The problem — Using the data below, print exactly the line with "4月29日晚,厦门国家会计学", the line with "上圖為中國柯橋紡織品總景氣指", and every line between them, but none of the pictures.

Exercise data —
=======

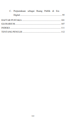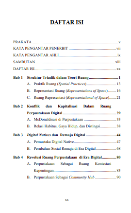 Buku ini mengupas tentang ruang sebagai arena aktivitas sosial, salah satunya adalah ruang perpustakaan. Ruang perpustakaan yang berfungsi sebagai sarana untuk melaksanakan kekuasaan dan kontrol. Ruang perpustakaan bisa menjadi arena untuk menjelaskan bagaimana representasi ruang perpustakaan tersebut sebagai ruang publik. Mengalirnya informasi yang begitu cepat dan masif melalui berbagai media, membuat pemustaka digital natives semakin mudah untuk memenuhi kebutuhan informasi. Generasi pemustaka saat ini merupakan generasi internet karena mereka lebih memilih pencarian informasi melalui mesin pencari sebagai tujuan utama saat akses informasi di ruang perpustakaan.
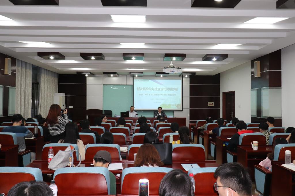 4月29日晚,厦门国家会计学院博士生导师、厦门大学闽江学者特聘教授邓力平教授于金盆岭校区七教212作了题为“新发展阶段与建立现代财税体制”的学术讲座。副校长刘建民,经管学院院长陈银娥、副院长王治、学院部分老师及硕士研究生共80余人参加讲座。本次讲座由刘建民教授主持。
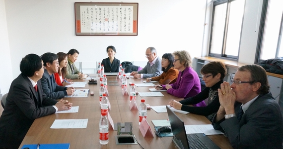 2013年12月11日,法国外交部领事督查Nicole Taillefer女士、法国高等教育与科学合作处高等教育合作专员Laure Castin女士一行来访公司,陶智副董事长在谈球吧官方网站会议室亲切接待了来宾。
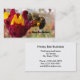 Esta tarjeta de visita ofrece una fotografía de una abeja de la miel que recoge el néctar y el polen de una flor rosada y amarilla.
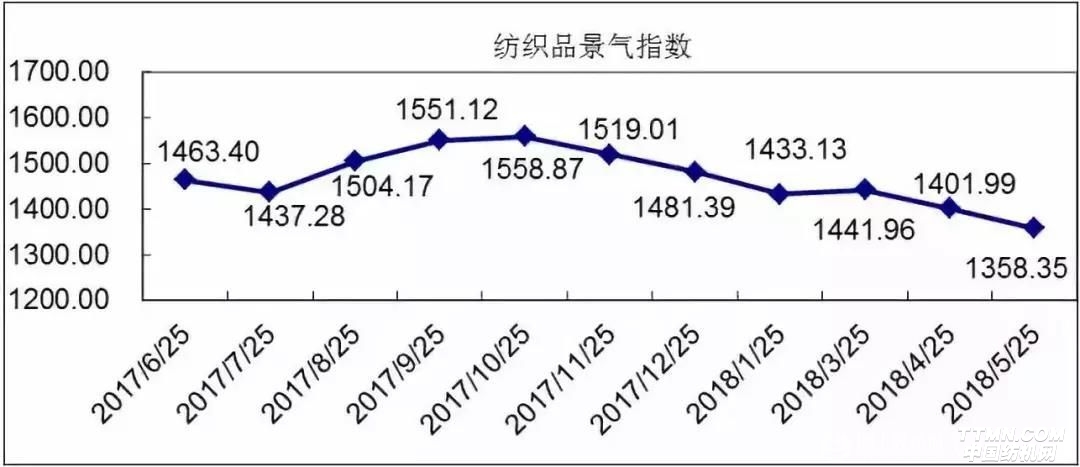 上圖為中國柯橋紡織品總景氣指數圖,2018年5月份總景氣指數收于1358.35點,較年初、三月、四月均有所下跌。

=======

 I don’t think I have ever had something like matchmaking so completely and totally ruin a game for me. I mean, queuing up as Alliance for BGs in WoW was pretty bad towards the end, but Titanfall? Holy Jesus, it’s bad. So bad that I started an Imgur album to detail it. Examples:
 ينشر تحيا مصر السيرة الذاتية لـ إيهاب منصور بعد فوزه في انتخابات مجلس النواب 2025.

=======

Response to this task —
 4月29日晚,厦门国家会计学院博士生导师、厦门大学闽江学者特聘教授邓力平教授于金盆岭校区七教212作了题为“新发展阶段与建立现代财税体制”的学术讲座。副校长刘建民,经管学院院长陈银娥、副院长王治、学院部分老师及硕士研究生共80余人参加讲座。本次讲座由刘建民教授主持。
 2013年12月11日,法国外交部领事督查Nicole Taillefer女士、法国高等教育与科学合作处高等教育合作专员Laure Castin女士一行来访公司,陶智副董事长在谈球吧官方网站会议室亲切接待了来宾。
 Esta tarjeta de visita ofrece una fotografía de una abeja de la miel que recoge el néctar y el polen de una flor rosada y amarilla.
 上圖為中國柯橋紡織品總景氣指數圖,2018年5月份總景氣指數收于1358.35點,較年初、三月、四月均有所下跌。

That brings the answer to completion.